In the list, hold the pointer over the row of the SLO you want to edit.
Click the three vertical dots that appear in the SLO’s row, and then click Edit.

To edit an SLO from its page, click the three vertical dots in the SLO’s navigation menu, and then click Edit.

Both methods open the Visual Editor tab of the SLO Definition drawer, which provides a form interface for configuring the SLO. For configuration-as-code workflows, see Configuring SLOs with code.

Users can modify Terraform-managed resources only by using Terraform. Learn more.

Define an SLO

The SLO Definition drawer (also called the Create SLO drawer when creating a new SLO) provides the following sections, each containing options that define the SLO’s parameters.

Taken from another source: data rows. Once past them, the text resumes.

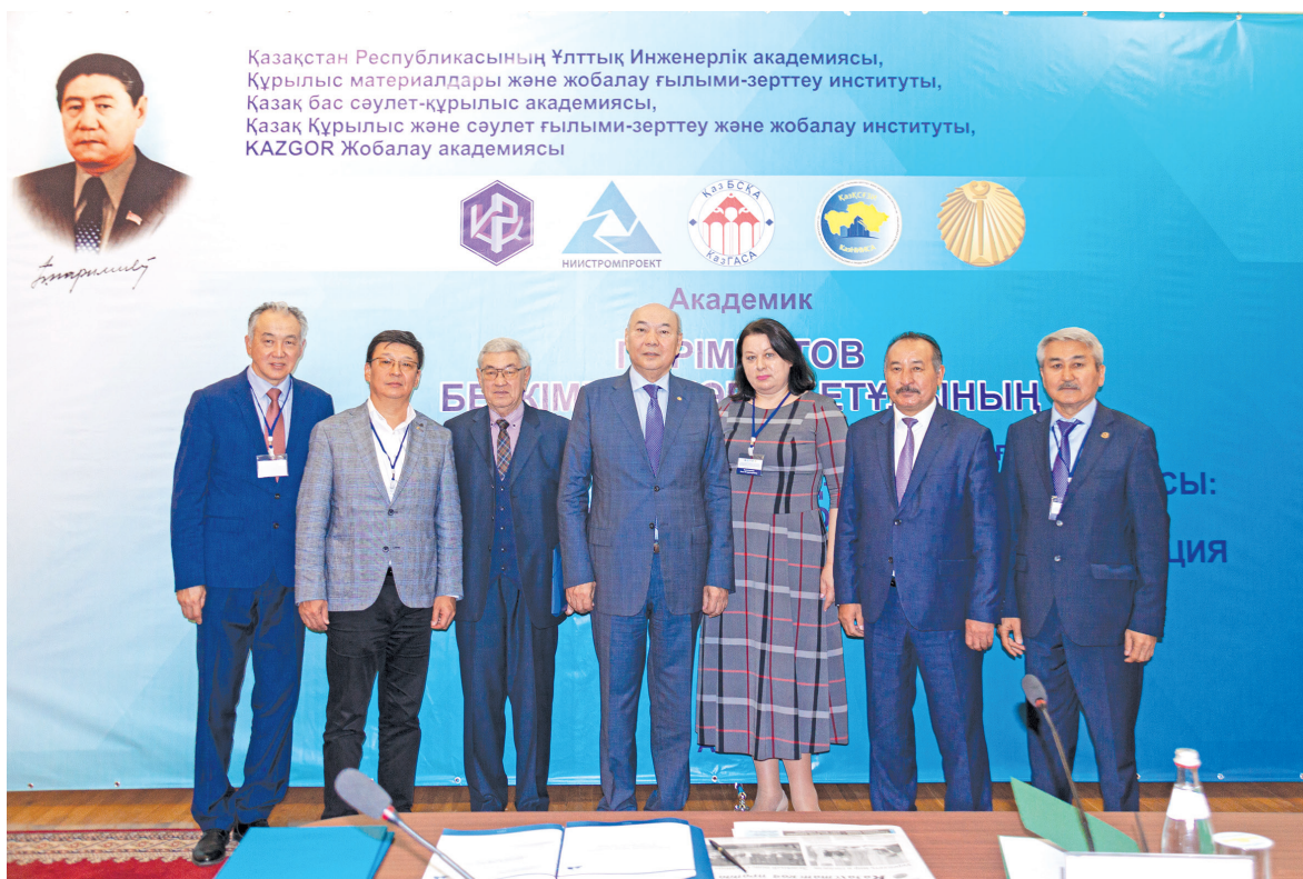
Казахстан Республикасының Ұлттық Инженерлік академиясы, Құрылыс материалдары және жобалау ғылыми-зерттеу институты, Қазақ бас сәулет-құрылыс академиясы, Қазақ Құрылыс және сәулет ғылыми-зерттеу және жобалау институты, KAZGOR Жобалау академиясы

Свои детские годы будущий министр провел в поселке Шиели Кызылординской области. После успешного окончания средней школы он в 1946 году поступил в Чимкентский технологический институт строительных материалов Министерства высшего образования СССР. С 1951 по 1954 годы являлся аспирантом Института строительства и строительных материалов Академии наук Казахской ССР, после чего с успехом защитил диссертацию на соискание степе-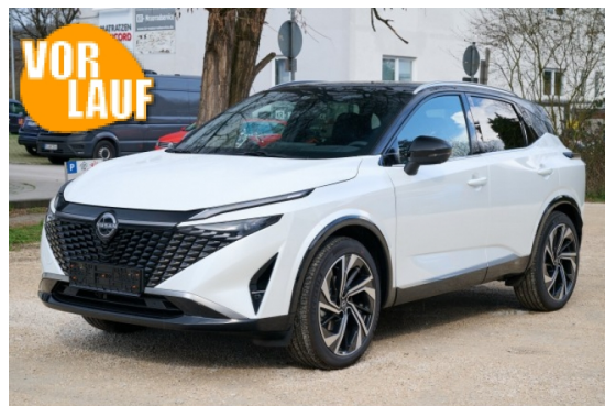
Tagesangebot Nr. K-107430 vom 09.01.2026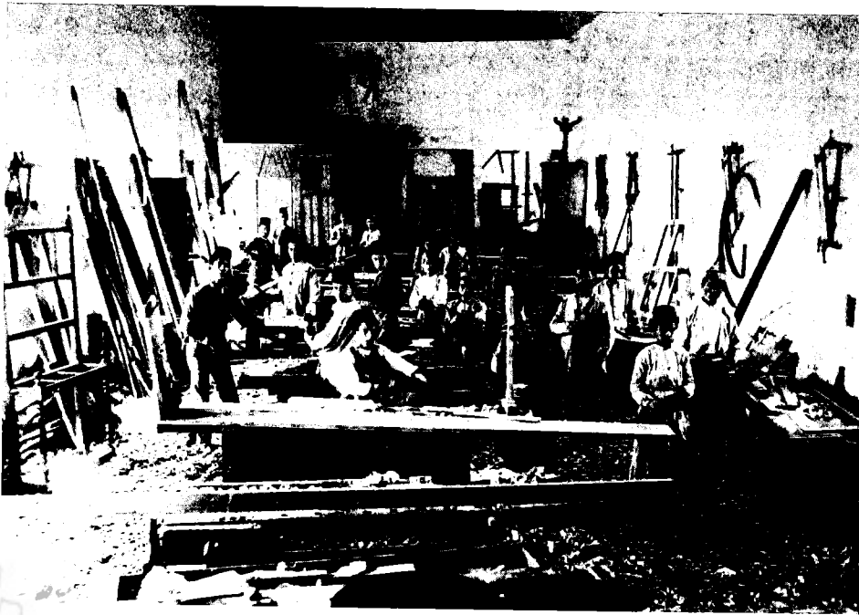
הנגריה בבית-הספר 'התורה והמלאכה'

גרסאות שונות. 30 הדעה הרווחת היא שעבד זמן קצר מאוד, ונאלץ לעזוב בשל מצב כריאונו שהלך והחמיר. בן-יהודה בזכרונותיו אינו מגלה דבר בעניין זה, ואילו רעייתו, חמדה, רומזת אמנם על מצב כריאותו שהלך ונתערער, ומציינת שהרופא ציווה עליו 'להניח את אומנות ההוראה', אולם, לפי דבריה, הוא המשיך במלאכתו. 31 מן המסמכים שבארכיון כ"ח מתברר, כאמור, כי בן-יהודה החל לשמש מורה לכל המאוחר באוגוסט 1883. במאמרו נגד מתקיפיו, 'ע"ד [על דבר] ההשקפה', מספר בן-יהודה עצמו כי הפסיק את עבודתו בסוף שנת תרמ"ה. כלומר, הוא עסק בהוראה במשך כשנה ומחצה. 32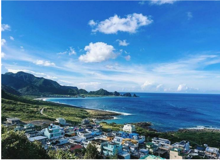
圖說：野銀部落是蘭嶼最適合眺望海景的部落，此起彼落的房屋顏色五彩繽紛，一幢幢在大海的襯托下，非常小巧可愛。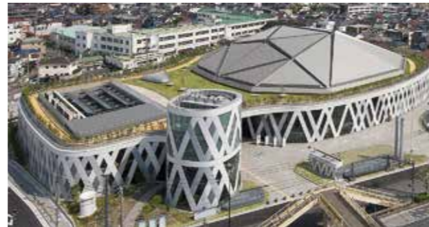
大田区総合体育館

The SLO preview drawer and Code Config tab update as you fill or change the SLO Definition.

SLO information

⚠️

Changes you make to your SLO’s Name can also unexpectedly change its SLI’s definition, which causes an error budget reset. An unintentional budget reset can destructively change how your SLO represents the service’s performance against its objective.

Ensure that a budget reset is an acceptable outcome before you change this field in an existing SLO.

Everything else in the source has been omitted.